Coercion in the workplace can certainly get things done. It can even yield more productivity in some cases. This type of ‘direct action management’, i.e. ‘kicking’ people to do what is required of them. Such an approach to motivation would be like kicking a dog each time you want it to move. Likewise, you can charge an individual’s battery, and keep on charging and recharging it to get things done, but it is only when that individual has his own generator that we can talk about ‘self-motivation’, the internal generator that automatically recharges employees batteries.
Through good Human Resource Management and practices this self-motivation chip can be instilled in the organizational behavior leading to excelling performance. The HR department can develop a bundle of systems that can together create a highly motivational culture such as:
Reducing Time Spent at Work: The goal here is to help employees work smarter rather than harder, and establish a life-work balance for more job satisfaction. It is a marvelous way of motivating people to work by getting them off their jobs before they become some kind of punishment. An interesting variant of this approach is development of an off-hour recreation programs for employees to relax in the workplace. The Japanese are far advanced in this than any other country. Gymnasiums which are nowadays part of any organization’s premises, allow employees to even take a nap or just sniff pure oxygen during their lunch breaks. This approach encourages informal team activities and spirit to spread at the workplace. The paradox here is that the more motivated people become, the more work and working hours they would seek!
Fringe Benefits: Businesses have probably outdone the most welfare-minded of welfare states in dispensing cradle-to-grave adoption of their employees. The cost of fringe benefits has reached approximately 30-35% in average of the total wages nowadays. People spend less time working for more money and more security than ever before despite the economic turbulence. The problem is that these benefits are no longer considered rewards, but are now taken as granted as part of compensation packages.
Human Relations Training: Thirty years ago one ‘please’ was enough when requesting the employees not to infringe the regulations. Today, the same admonition requires three ‘pleases’ before the employee feels that his superior has demonstrated the psychologically proper attitudes towards him. An advanced form of human relations, sensitivity training, teamwork, diversity management training is more needed than ever in order to harmonize human interaction in the workplace. If done correctly, this kind of training will be translated into positive, constructive employees’ attitudes towards their organizations, their jobs, and their supervisors.
Sensitivity Training: A more serious attempt to help the individual understand himself and others, trust and cooperate more effectively with others. A lot of this training success and effectiveness and applicability depend on transparency and open communication channels that encourage efficient flow of information throughout the whole organization.
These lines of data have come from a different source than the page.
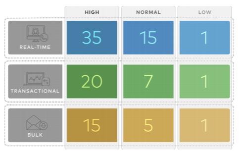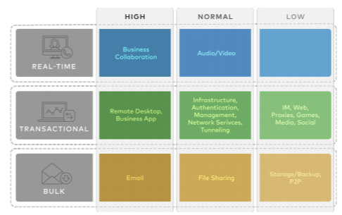 A Traffic Class is defined with a combination of Priority (High, Normal, or Low) and Service Class (Real-Time, Transactional, or Bulk) resulting into a 3x3 matrix with nine Traffic Classes. You can map Application/Category and scheduler weight onto these Traffic Classes. All applications within a Traffic Class will be applied with the aggregate Quality of Service (QoS) treatment, including Scheduling and Policing.
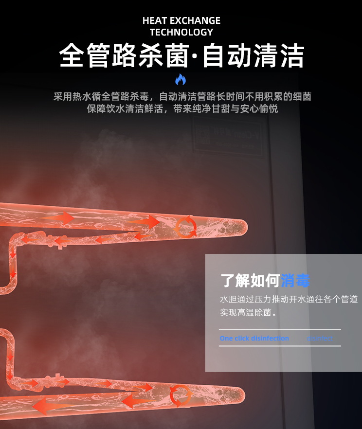 一鍵高溫殺菌,通過壓力推動(dòng)把開水通往各個(gè)管路,實(shí)現(xiàn)高溫殺菌,讓細(xì)菌、病毒無(wú)處藏匿,保障每一滴都是鮮活好水。
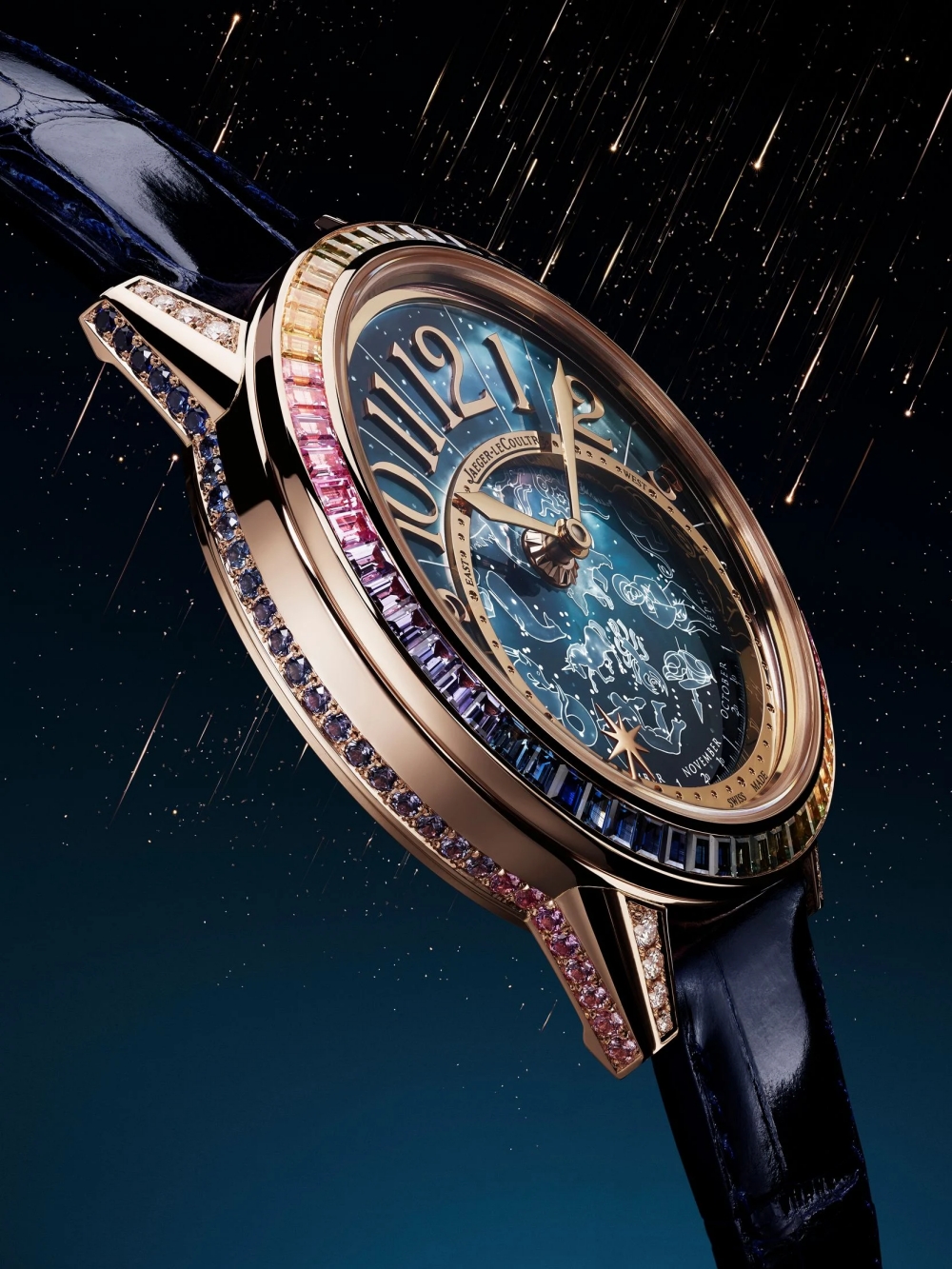 Bề mặt mặt trăng thường được điêu khắc nổi trên nền trời xanh thẳm của chất liệu đá Lapis Lazuli, tái hiện lại những đám mây bằng xà cừ trắng muốt bồng bềnh. Vượt lên trên những giới hạn của chế tác thông thường, hãng đã đưa tính lãng mạn của bầu trời đêm lên một tầm cao mới với phiên bản Rendez-Vous Dazzling Shooting Star, sở hữu một trong những cơ chế phức tạp và thi vị bậc nhất: một ngôi sao băng bằng vàng vụt sáng lướt qua màn đêm trên mặt số.
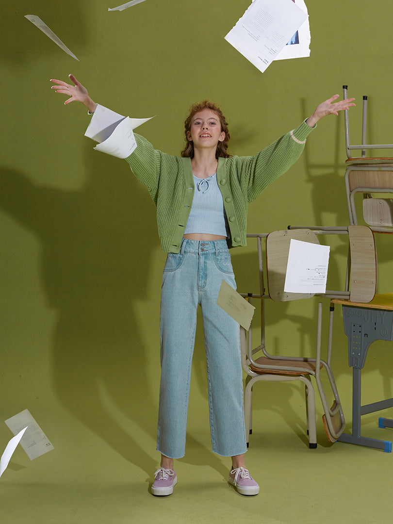 Grass green sweater cardigan sweater
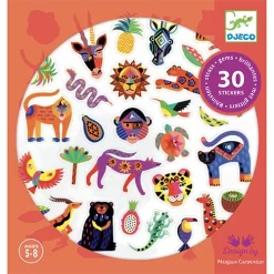 Een schitterend stickervel met exotische dieren, planten en fruit van het Franse merk Djeco. De vleugels en vachten zijn versierd met kleine strass steentjes.
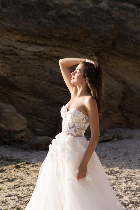 Размер XS - S. Идеальное свадебное платье с ультрамодным прозрачным корсетом, расшитым 3Д кружевом, который смоделирует фигуру и подчеркнет все достоинства. Юбка платья с персиковым подтоном и небольшим шлейфом. Откорректирую длину юбки под Вас! В подарок сошью классическую фату или повязку на ножку. На выбор!)
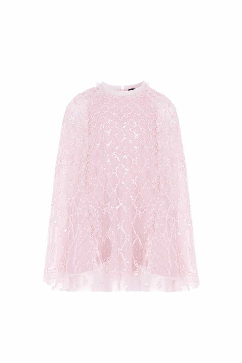NEW SEASON | NEEDLE & THREAD EXCLUSIVE. The Heart Lattice Cape KIDS Dress in Dusk Pink. A brand new style for the season ahead. This KIDS cape dress is adorned with intricate embellishment, created using the smallest sequins for exquisite detailing. Featuring delicate heart-shaped motifs in a lattice layout. Beautifully developed with an integrated full-length cape for a statement look. A stunning dress for your little one's next event.
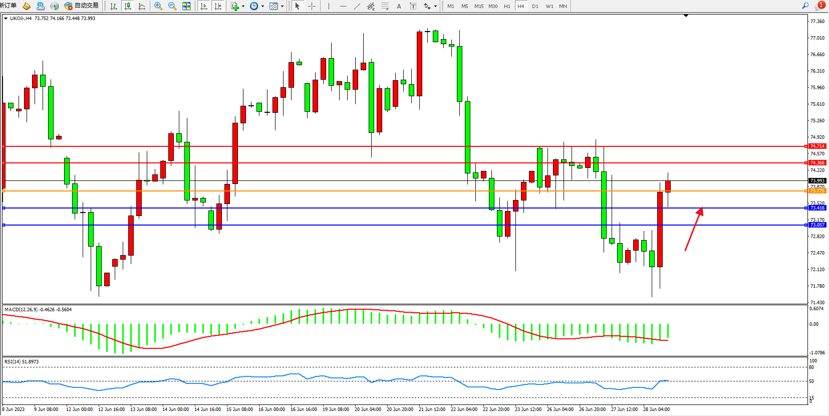 布油维持73.993附近震荡,美国至6月23日当周原油出口量为2023年2月24日当周以来最高;美国至6月23日当周除却战略储备的商业原油库存为2023年1月27日当周以来最低。
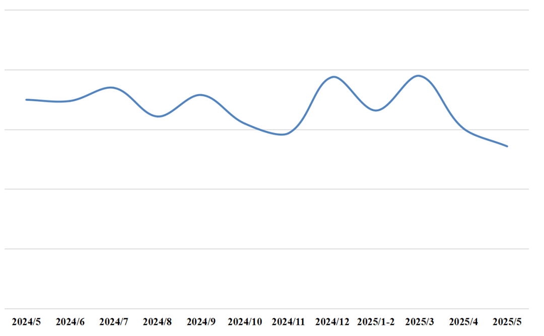 2025年1-5月, 照明行业规上企业工业增加值累计增速1.3%,较去年同期下降1.7个百分点。5月当月工业增加值增速较去年同期下降3.9个百分点,企业生产活动有所放缓。
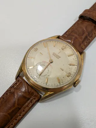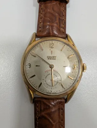 Reloj Cauny Prima en perfecto estado de funcionamiento. Bañado en oro de 10 micrones. Correa de cuero nueva. Diámetro de 36mm sin contar la corona. Una pieza excepcional para los coleccionistas.
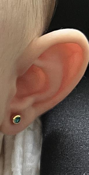 Tiež mala malá nepresne nastrelené. Pri tých nastrelovacích náušničkách to bolo fakt že dosť vidieť. Ako sme časom zmenili za zlaté, podrástlo uško, vôbec to nevidno.
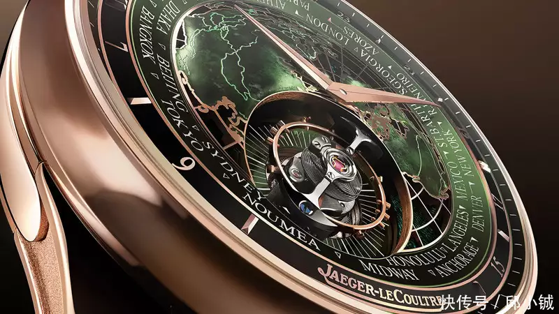 内环则显示24小时,镶有长方体立体时标,配有激光雕刻数字,此外还有积家的字母标识。地图一侧的圆环中,飞行陀飞轮仿若漂浮于海洋之上,每60秒旋转一圈,每24小时在表盘上旋转一周,穹顶形地图和城市环圈则同步旋转,模拟地球自转的景象。圆环上标记于城市名称旁的时间,始终正确指示每个城市的准确时间。
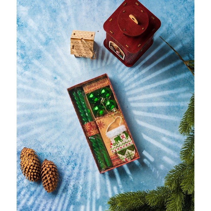 Подарочный набор «Удачного Нового года!», в наборе 2 свечи, 4 шарика, ёлочная игрушка
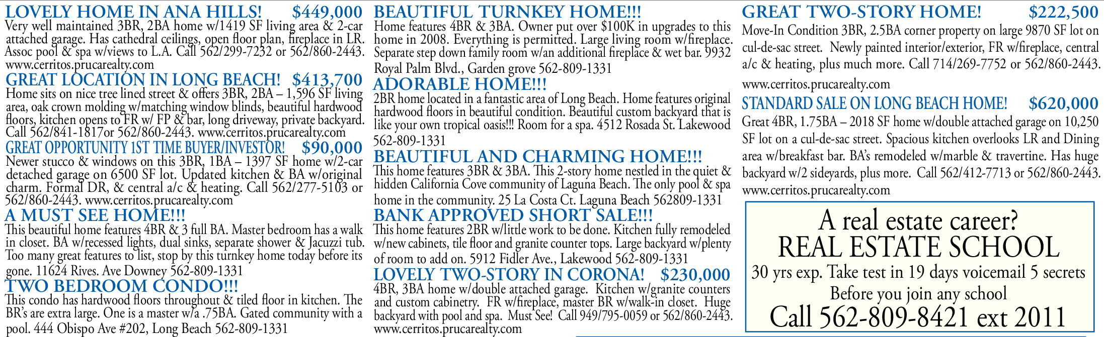 www.cerritos.prucarealty.com STANDARD SALE ON LONG BEACH HOME! $620,000 Great 4BR, 1.75BA – 2018 SF home w/double attached garage on 10,250 SF lot on a cul-de-sac street. Spacious kitchen overlooks LR and Dining area w/breakfast bar. BA’s remodeled w/marble & travertine. Has huge backyard w/2 sideyards, plus more. Call 562/412-7713 or 562/860-2443.
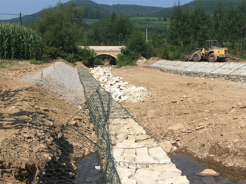 靖邊縣綠格石籠網(wǎng)又稱“靖邊縣格賓網(wǎng)”、“靖邊縣石籠網(wǎng)”,由各種網(wǎng)孔規(guī)格的綠格石籠網(wǎng)片按照ASTMA975-97規(guī)范組裝而成,工程現(xiàn)成填充石料組裝形成柔性的、透水的、整體的支擋結(jié)構(gòu),常用于生態(tài)防護(hù)工程。該結(jié)構(gòu)采用高鍍鋅鋼絲或者10%鋅鋁合金鋼絲經(jīng)過(guò)雙線絞合編織而成的,其雙線絞合部分的長(zhǎng)度不能低于45㎜,以保證絞合部分的防腐性能不被破壞。如果環(huán)境比較惡劣,污染比較嚴(yán)重,可以再鋼絲的表面涂塑(包PVC)增強(qiáng)鋼絲的抗腐蝕性能。
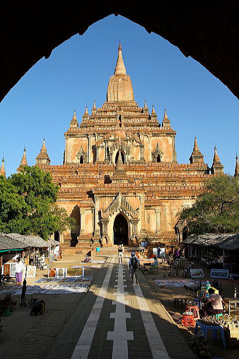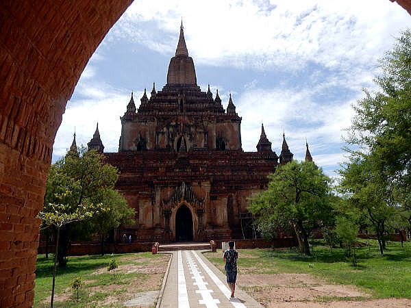 | (126) スラマニ寺院(1) (127) スラマニ寺院(2) (128) スラマニ寺院(3 (129) スラマニ寺院(4) (130) スラマニ寺院(5) (131) スラマニ寺院(6) (132) スラマニ寺院(7) (134) バガン草原で迷子に (135) バガン最後の夕食 ◆スマラニ寺院の正面 この後、私達は例によって靴と靴下を脱ぎ、スラマニ寺院に入ります。 以下はスラマニ寺院を背に、入って来た門の側を撮影した写真です。やはりほとんど人気がありません。 ![]() 撮影:青山貞一 Nikon Coolpix S9900 2016-6-8 下はスラマニ寺院の正面の写真です。 この日は猛暑(猛熱)でしがが、私たちは写真のような寺院に通ずるアプローチを、はだして歩いて向かいました。 走って行きたいいくらいです。写真に見える石畳のような通路も、ものすごい灼熱ですごく熱せられています。ただ、バガンの地元の住民はほとんど芋回せずに歩いて行きます。修行でもあるのかも知れません。 ![]() 撮影:青山貞一 Nikon Coolpix S9900 2016-6-8 上の写真はで逆光で撮影していましたが、下の写真ではスラマニ寺院の正面が綺麗に映っています。 ![]() Source:English Wikipedia ◆スラマニ寺院の全貌と遠景 スラマニ寺院は、ダマヤンジー寺院と同じレンガ造りですが、ダマヤンジー寺院を超える造りとして著名です。ダマヤンジー寺院同様、この造りはピラミッドを思い浮かべるような二段構造でシンメトリーで非常に均整がとれ大変美しく秀逸です。 下の写真はスラマニ寺院の全貌を写したものです。 ![]() Source:English Wikipedia 下はスラマニ寺院を背景にした池田です。 ![]() 撮影:青山貞一 Nikon Coolpix S9900 2016-6-8 下はスラマニ寺院を数100m背後から撮影したものです。 ![]() 撮影:青山貞一 Nikon Coolpix S9900 2016-6-8 下は遠くから見た大草原の中のスラマニ寺院です。非常に幻想的です。 ![]() スラマニ寺院 (トリップアドバイザー提供) つづく |
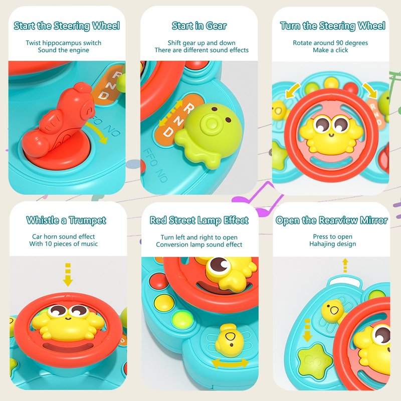 - Portable and Easy to Carry.Toy steering wheel compact and lightweight, perfect for family trips, allowing 6 7 8 9 month old baby toys to play anytime, anywhere and baby boy toys 6-12 months can used in any scene.
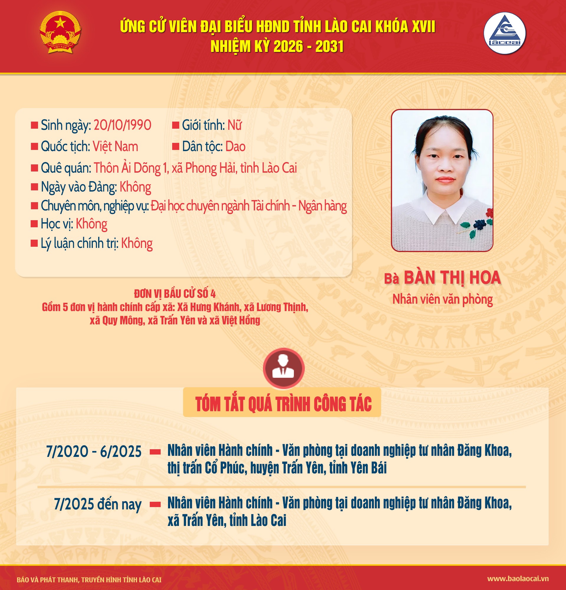 Tiểu sử tóm tắt những người ứng cử đại biểu HĐND tỉnh Lào Cai khóa XVII, nhiệm kỳ 2026 - 2031 (Đơn vị bầu cử số 4)
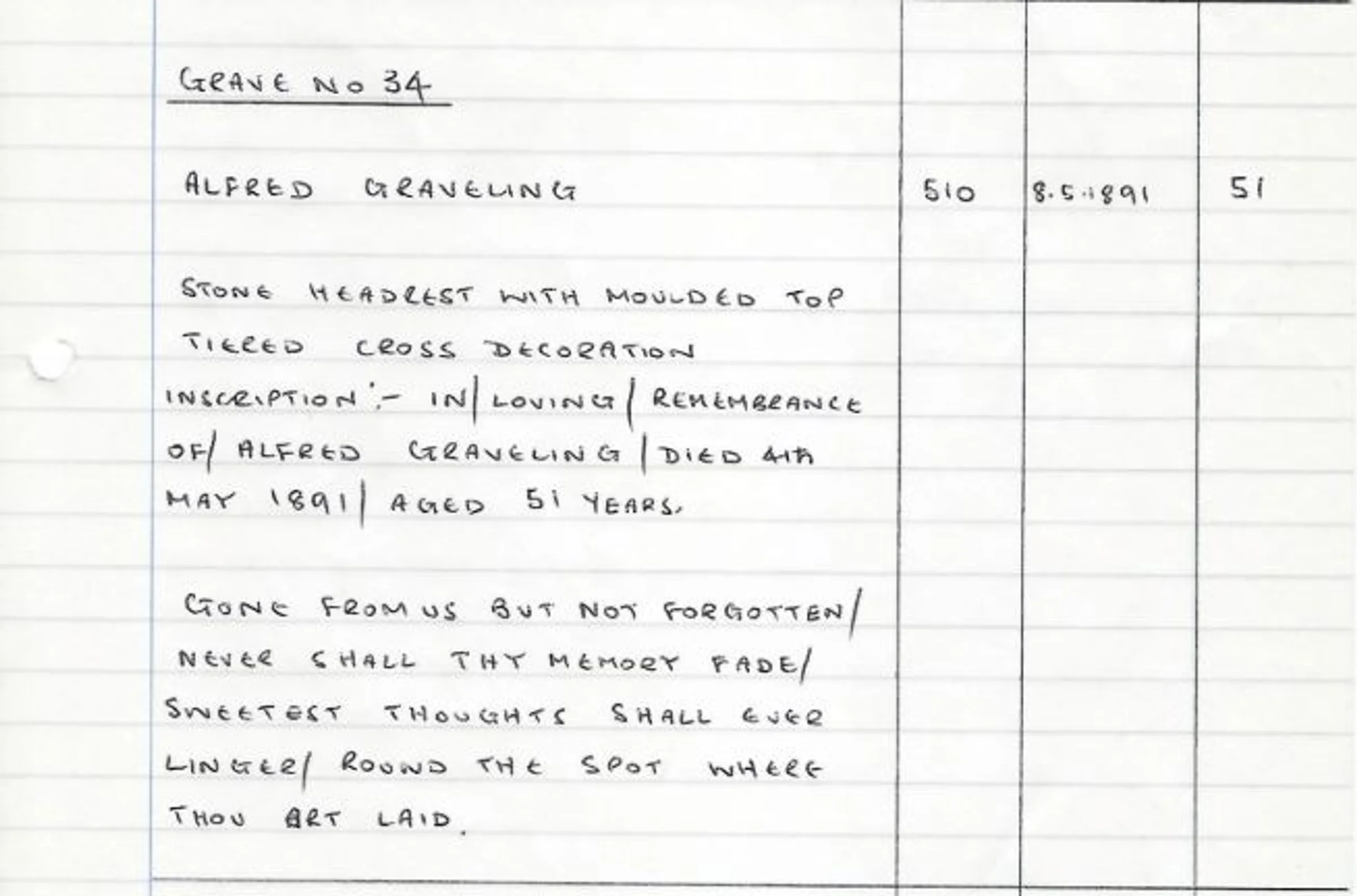 A handwritten record of the headstone for Grave 34 - Alfred Graveling in 1891.
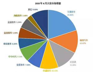 2020年6月,国内大型客车市场总销量为6416辆。1-6月累计销售客车达到2.3万辆,同比累计下降29%,下降幅度进一步缩窄。宇通客车、金龙客车、福田欧辉、中通客车等头部企业占据了65.70%的市场份额。
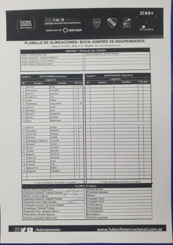 Después de que se confirmara que Varela dejará de lado el dorsal 33 y comenzará a utilizar el mítico 5, que alguna vez fue portado por Mauricio Serna, como así también por Fernando Gago, en la planilla oficial del partido lo anotaron con su antiguo número. Pero lo llamativo es que al momento de hacer el precalentamiento, el nacido en Isidro Casanova salió al campo de juego con su nuevo dorsal.
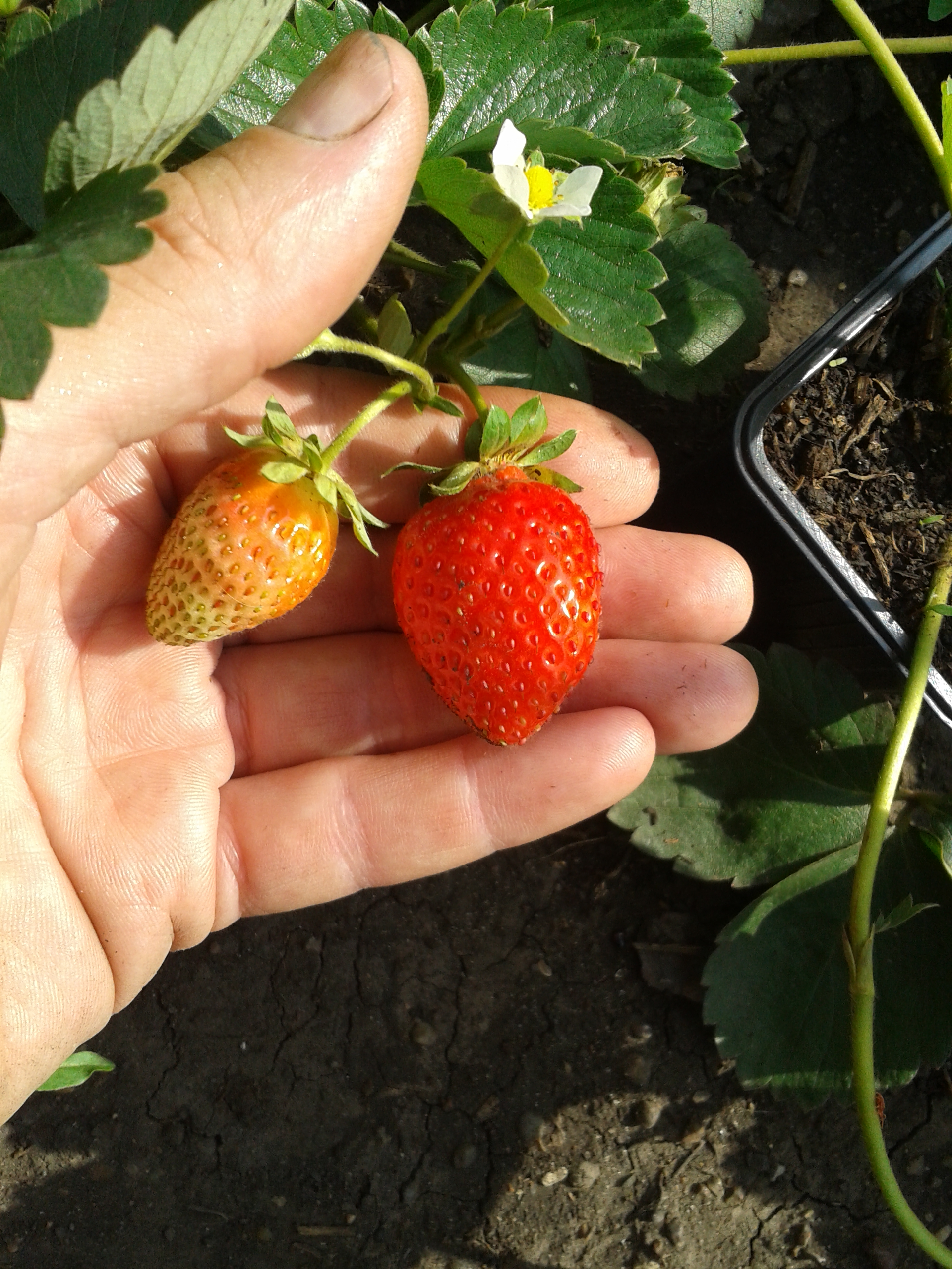 1) Альба - распространённый ранний промышленный сорт. На Юге промышленники, выращивающие раннюю ягоду, делятся на тех, кто выращивает Клери и "Албанцев", выращивающих Альбу. Сорт урожайный (по литературным данным), менее подверженный заболеваниям, чем Клери. Вкус ягоды ярко выраженный - хорошо чувствуется и сладость и кислинка. Впрочем, эта "выраженность вкуса" может быть и недостатком: при нехватке тепла сладость может пропасть, а кислота остаться и ягода станет кислой - первая ягода у меня выросла такая, дальше пошло лучше. Усы сорт образует не плохо.
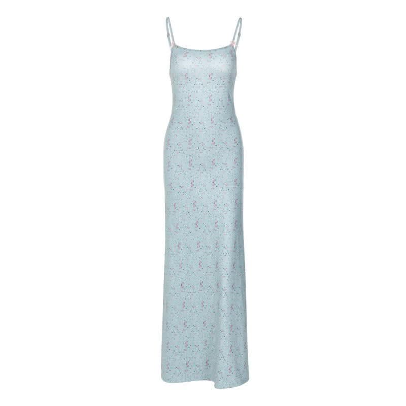Flower print square neck contrast backless cami maxi dress-final-sale

Briefing sessions, group meetings, follow-up and progress reports, and organizational events and celebrations are proper venues to accomplish this objective.
Job Participation: What I mean here is giving employees an opportunity to design their own jobs and become accountable for doing them. Job participation also means ‘getting the big picture’ and thus escalating the role of the individual in the organization, i.e. if the employee is tightening 10,000 nuts a day on the assembly line, tell him he is building a Chevrolet. Another approach aims at giving the employee a ‘feeling’ that he is determining, in some measure, what he does on his job, i.e. provide a ‘sense’ of achievement in his task.
Employees Counseling: Back in the early thirties, when Hawthorn experimented with Western Electric Company, it was found that employees harbored irrational feelings that were interfering with the rational operation of the factory. Therefore, counseling was used as means of letting the employees unburden themselves by talking to someone about their problems. Traditional techniques since then have improved tremendously and the prime responsibility of direct supervisors rather than outside counselors, except when there are major psychological problems that requires specialized professional expert help.
To conclude, Herzberg when conducting a research on job satisfaction and job dissatisfaction on a sample of 1,685 employees, had found out that that their satisfaction is derived from ‘a job related’ factors that are directly influencing their feelings (81%) and only (69%) of their job dissatisfaction is caused by ‘job context’ factors such as the style of management, policies and procedures, the workplace, and the members of the team.